◆ WHAT THE TASK ASKS: Below are some records. Output the lines from the first one through the line that holds "Džínové kalhoty se", exactly as written, with no pictures.

Records excerpted from a collection
- Opening Delimiter -
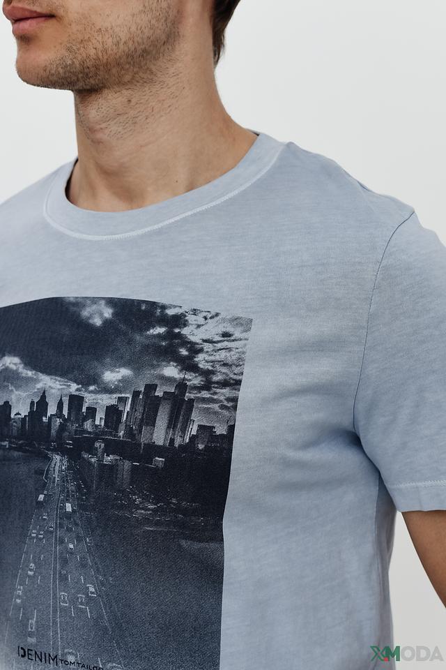 Мужская футболка Tom Tailor – это сочетание комфорта и стиля. Футболка выполнена в голубом цвете и украшена эффектным принтом с изображением городского пейзажа в стиле denim.
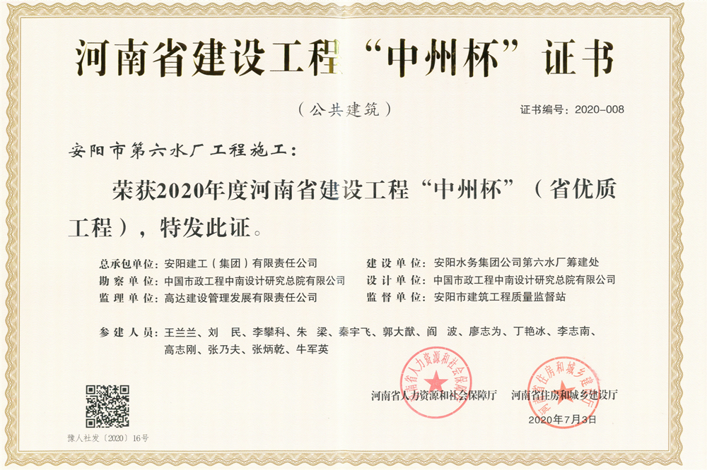 由我公司承建的“安陽市第六水廠”、“安陽市第四水廠二期”、“安陽攀高教育園區(一期)”工程被評為2020年度河南省建設工程“中州杯”獎。
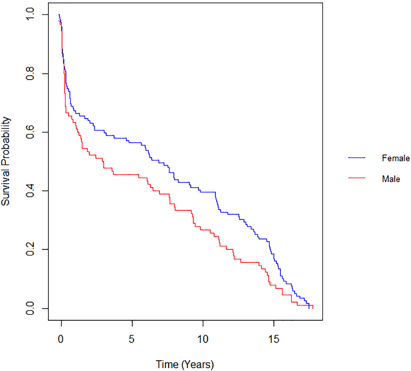 Fig. 3. Kaplan-Meier survival curves by gender.
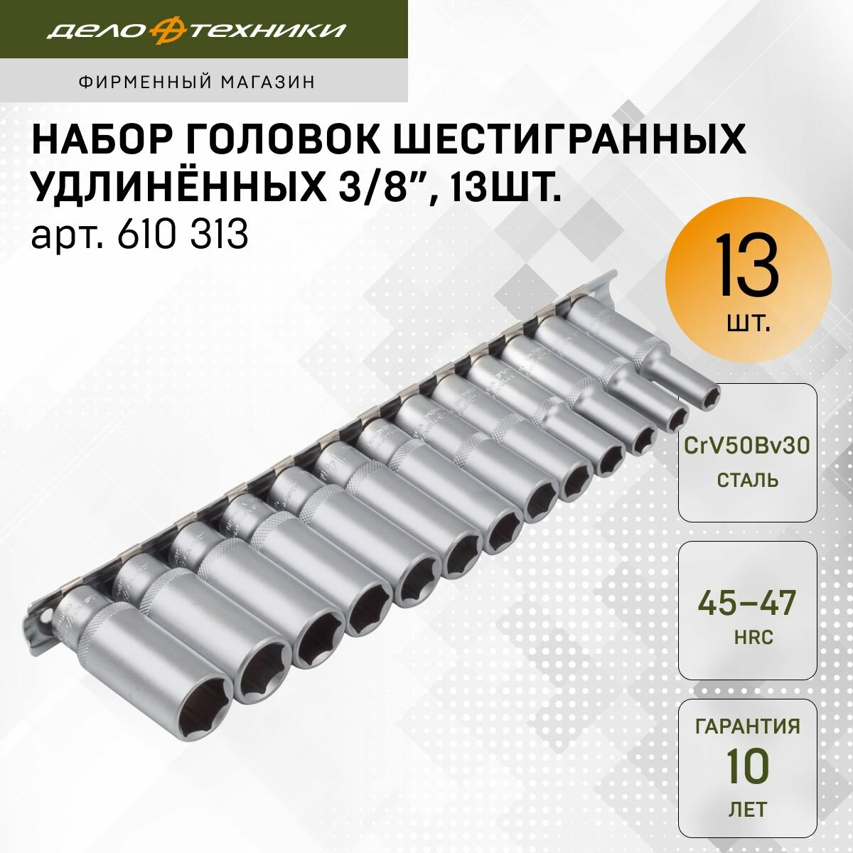 Набор головок шестигранных удлинённых 3/8", 13шт, Дело Техники, 610313 информация:
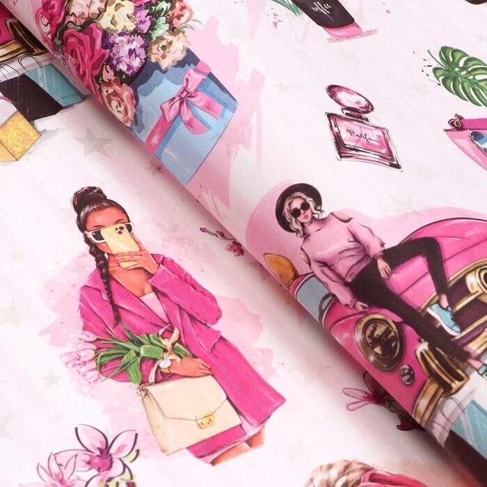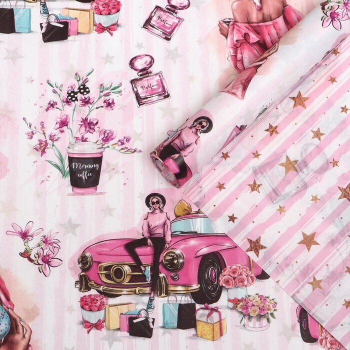 !09 Бумага (набор 3 листа) упаковочная глянцевая двухсторонняя «Кокетка», 70 × 100 см.
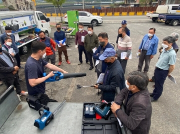 이날 교육과 함께 안전장비 시연회도 개최해 지주목 설치를 위한 항타기, 전동 안전톱, 안전보조구 등 장비별 소개 및 사용 방법을 전달하고 각 업체별 장비를 비교분석하는 시간을 가졌다.
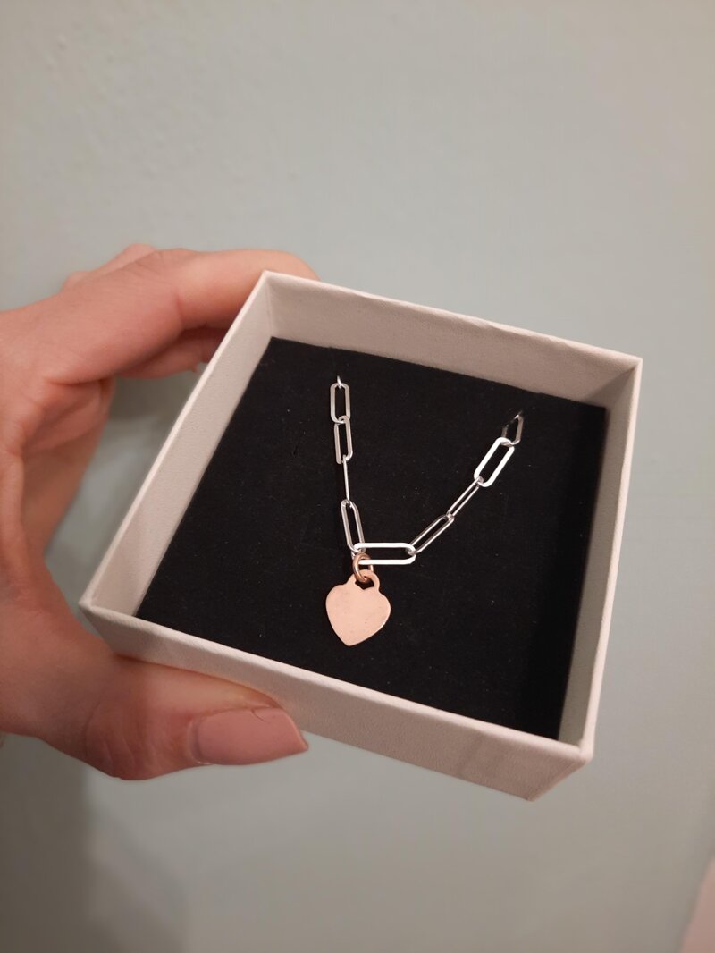 Bracciale catena graffetta in argento 925 con charm cuore placcato oro rosa
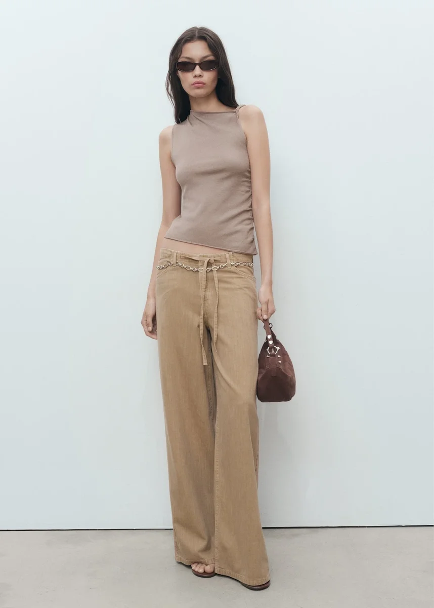 Džínové kalhoty se širokými nohavicemi a páskem
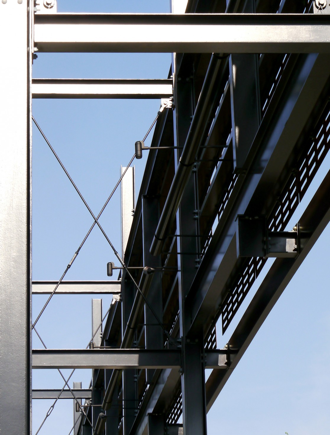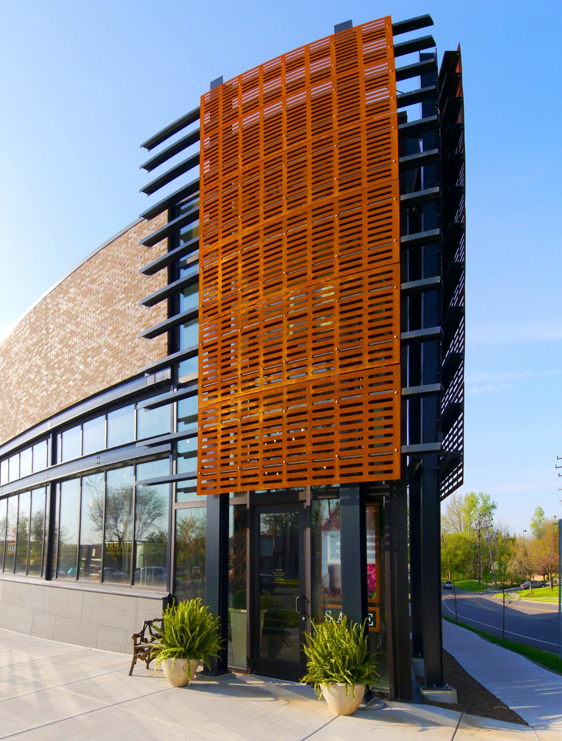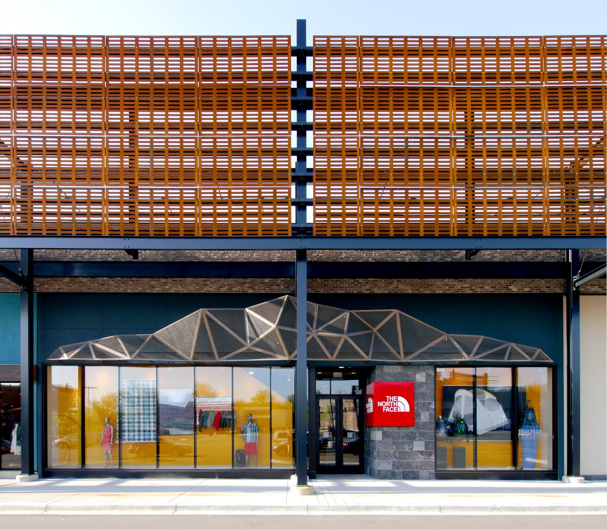 The shopping center also provides office space. Located above the retail anchor, access is via its own entry with a vertical component to help delineate the different space.
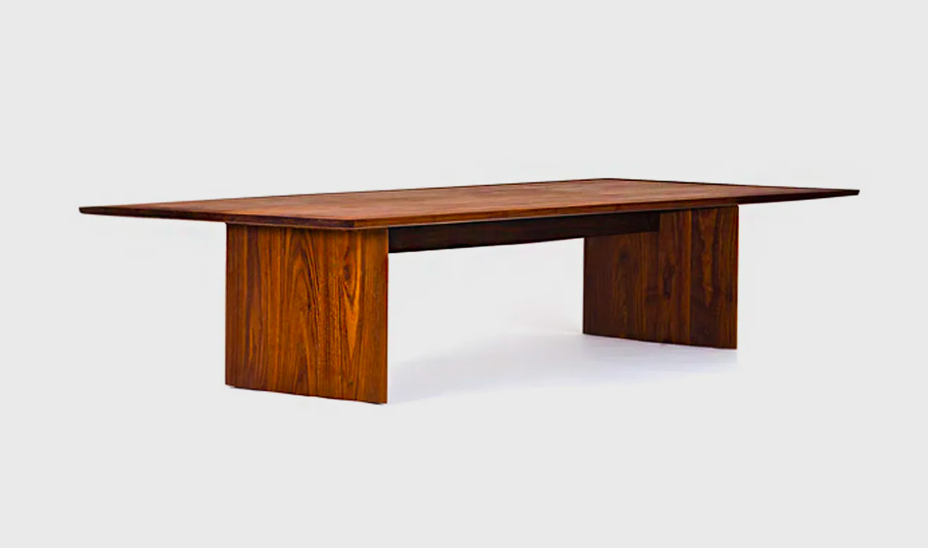 無垢材を削り出して縁取りされた天板が静かに際立つように、天板と 2 枚の脚と天板を支える幕板の 4 つの部材のみの簡素な要素で構成しました。神社の鳥居のような形状をした、シンプルな存在感を持つローテーブルです。空間に密度のある意匠性と削り出した木材の奥行き感が醸し出されています。
- Closing Delimiter -
◆ FINISHED TASK:
 Мужская футболка Tom Tailor – это сочетание комфорта и стиля. Футболка выполнена в голубом цвете и украшена эффектным принтом с изображением городского пейзажа в стиле denim.
 由我公司承建的“安陽市第六水廠”、“安陽市第四水廠二期”、“安陽攀高教育園區(一期)”工程被評為2020年度河南省建設工程“中州杯”獎。
 Fig. 3. Kaplan-Meier survival curves by gender.
 Набор головок шестигранных удлинённых 3/8", 13шт, Дело Техники, 610313 информация:
 !09 Бумага (набор 3 листа) упаковочная глянцевая двухсторонняя «Кокетка», 70 × 100 см.
 이날 교육과 함께 안전장비 시연회도 개최해 지주목 설치를 위한 항타기, 전동 안전톱, 안전보조구 등 장비별 소개 및 사용 방법을 전달하고 각 업체별 장비를 비교분석하는 시간을 가졌다.
 Bracciale catena graffetta in argento 925 con charm cuore placcato oro rosa
 Džínové kalhoty se širokými nohavicemi a páskem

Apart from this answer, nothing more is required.